____ Source data
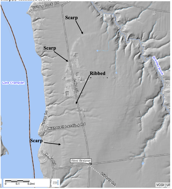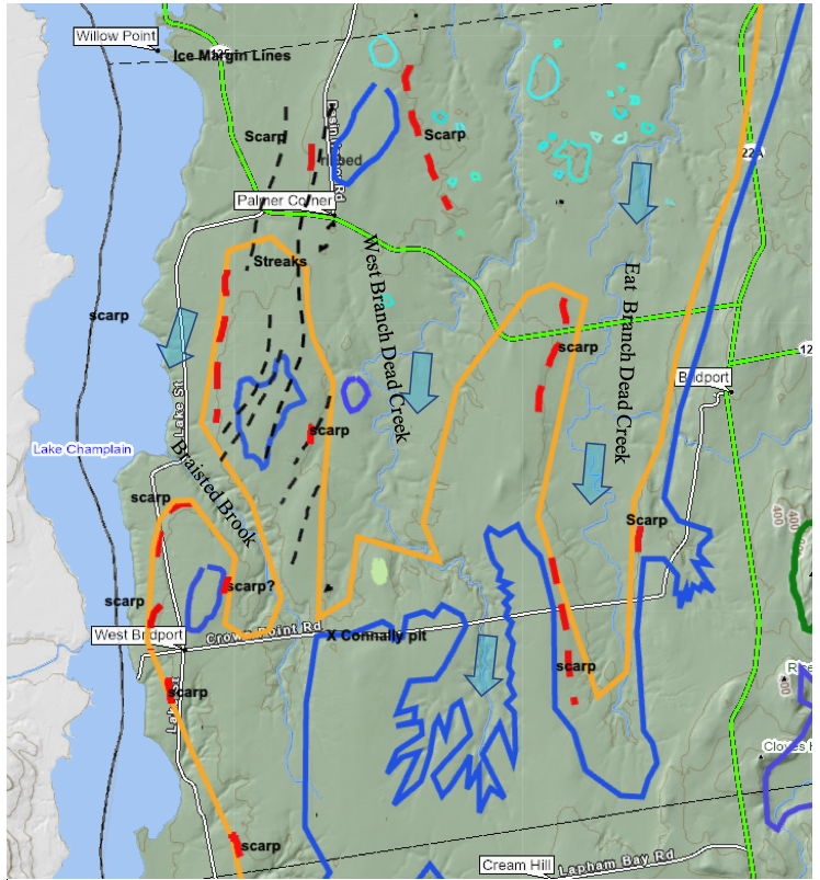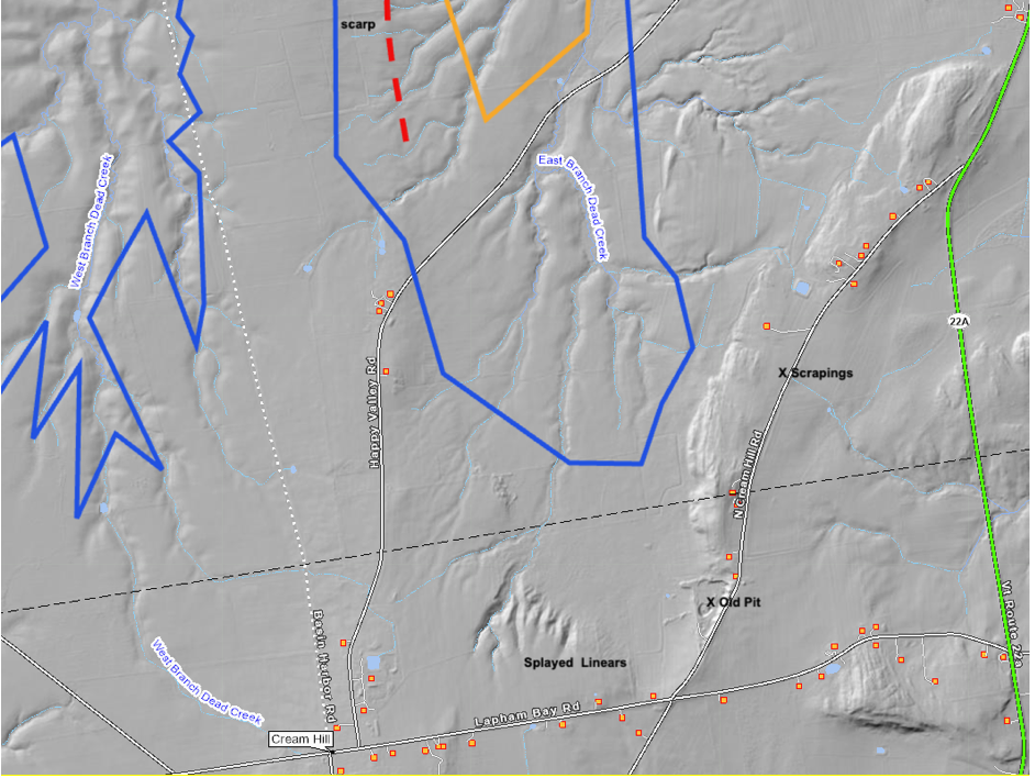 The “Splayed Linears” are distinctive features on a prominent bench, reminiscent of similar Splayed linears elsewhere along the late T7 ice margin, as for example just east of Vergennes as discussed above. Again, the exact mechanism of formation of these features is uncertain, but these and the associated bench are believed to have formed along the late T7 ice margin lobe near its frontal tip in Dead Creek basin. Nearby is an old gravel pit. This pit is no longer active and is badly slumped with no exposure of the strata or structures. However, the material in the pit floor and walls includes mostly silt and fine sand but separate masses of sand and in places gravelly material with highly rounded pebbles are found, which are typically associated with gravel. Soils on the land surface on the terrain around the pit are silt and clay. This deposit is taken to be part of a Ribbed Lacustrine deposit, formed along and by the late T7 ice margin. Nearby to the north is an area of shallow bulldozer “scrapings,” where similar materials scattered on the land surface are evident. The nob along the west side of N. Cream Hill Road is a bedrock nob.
________
____ Source data
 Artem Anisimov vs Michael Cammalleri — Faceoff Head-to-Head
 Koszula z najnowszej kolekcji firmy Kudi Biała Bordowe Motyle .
________
Goal of the exercise:
Your answer should consist of the lines from the line with "Artem Anisimov vs" to the line with "Koszula z najnowszej" above, repeated exactly, both ends included.

Exercise output:
 Artem Anisimov vs Michael Cammalleri — Faceoff Head-to-Head
 Koszula z najnowszej kolekcji firmy Kudi Biała Bordowe Motyle .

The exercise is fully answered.